Chapter 24

By three that afternoon, Benjamin Banneker had been cleared for after-hours activities. Like the threats to the Washington Monument and the Air and Space Museum, it appeared to be a false alarm.

Jannie described the caller as a guy with a deep, hoarse voice, who told her there was a bomb in the school and hung up. Bree and I debated the likelihood that the incident was linked to the National Mall bombings. Did we have a copycat at play?

Banneker was not far from the Mall, maybe two and a half miles, but what was the message here? There was symbolism in disrupting access to the national monuments to avenge the wrongs done to veterans. It sent a clear, if misguided, message. How did our daughter’s charter high school fit into that?

Disturbingly, the caller had Jannie’s phone number, and the Mall bomber had Bree’s. We theorized that someone might have hacked into one or both of their phones, or downloaded their contact info from someone else. But when? And how?

These questions were still whirling around in my head early that evening when I boarded the DC Circulator Bus near the World War II Memorial. When I looked in and saw the person sitting three rows behind the driver, I smiled.

I paid the fare and took a seat next to Kate Williams, who stared straight ahead, looking like a poker player who’s been up too long.

“Thought surveillance wasn’t worth it,” she said.

“I didn’t say that. People over my pay grade make that decision.”

She didn’t reply.

“You still think he rides this bus?”

“I’m here, aren’t I?”

“How long have you been looking for him?”

Kate shrugged. “I don’t know, forty? Forty-two hours total.”

I gave her an appraising glance. “In the past four days?”

“Whatever it takes, Doc.”

We pulled up to the Washington Monument stop, and I watched Kate studying each person who came on the bus. When they’d all paid their fares and taken their seats, I said, “What exactly are you looking for?”

“Their faces.”

As we drove on, making a few stops over the next ten or fifteen minutes, Kate explained her innate skill. I’d heard of super-recognizing and its opposite — some people could remember every face they’d ever seen, and others could not remember even familiar faces.

“Any interesting faces so far?” I asked as we left the US Capitol stop.

“They’re all interesting.”

“No duplicates?”

“A few times, but they’re usually tourists coming on and off, and I’ll remember them from a few hours before.”

“How about stand-outs? Someone who really hit you between the eyes?”

“You mean like my spider-sense?”

“Sure.”

Kate tilted her head, thinking. “There was one, earlier today. But he wasn’t on the bus. He was this homeless guy in Army fatigues, big crazy beard, pushing this grocery cart piled with his stuff in plastic bags, and he looked so... vacant... so... I don’t know. More than drugs. Like he was unplugged. I mean, a cop lit up his siren maybe fifty feet from him, and the guy didn’t startle, didn’t even flinch. For some reason, seeing that, every alarm in my head started ringing.”

Every alarm in my head started ringing as well. I asked her to describe the homeless guy in detail. As we pulled into the bus depot at Union Station, the end and beginning of the Circulator line, there was little doubt in my mind she was talking about Tim Chorey, the deaf vet who’d dismantled his Glock and submerged himself in the reflecting pool the day of the first bombing.

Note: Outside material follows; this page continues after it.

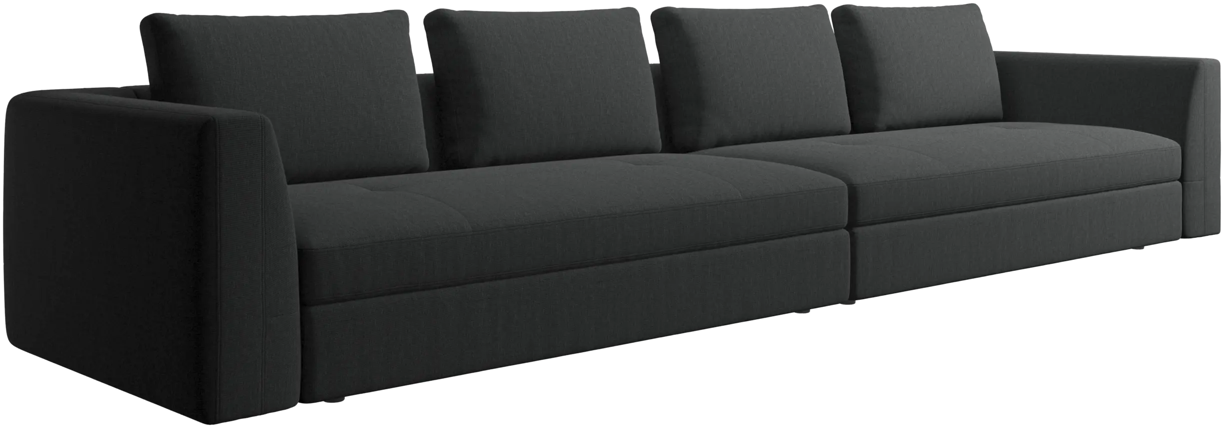 The Bergamo sofa is crafted with low, discrete legs that create a light, 'floating’ look.

I didn’t tell that to Kate, though. She said, “I’ve had enough for today. Think I’ll catch a cab, head home from here.”

“I’ll get off here, too,” I said, glancing at my watch. “A walk over the hill will do me some good.”

Night had fallen during our ride. As we exited, a bus lumbered and sighed into the parking bay beside ours. The digital sign above the windshield blinked from D8 — HOSPITAL CENTER LINE SOUTHBOUND to UNION STATION.

“Good night, Dr. Cross,” Kate said, shaking my hand. “I appreciate you thinking enough of my theory to check it out.”

“A good idea is a good idea,” I said, and happened to glance over her shoulder at the sign on the other bus, now emptying of riders. The direction had changed.

D8 — HOSPITAL CENTER LINE NORTHBOUND, it blinked. VETERANS AFFAIRS MEDICAL CENTER.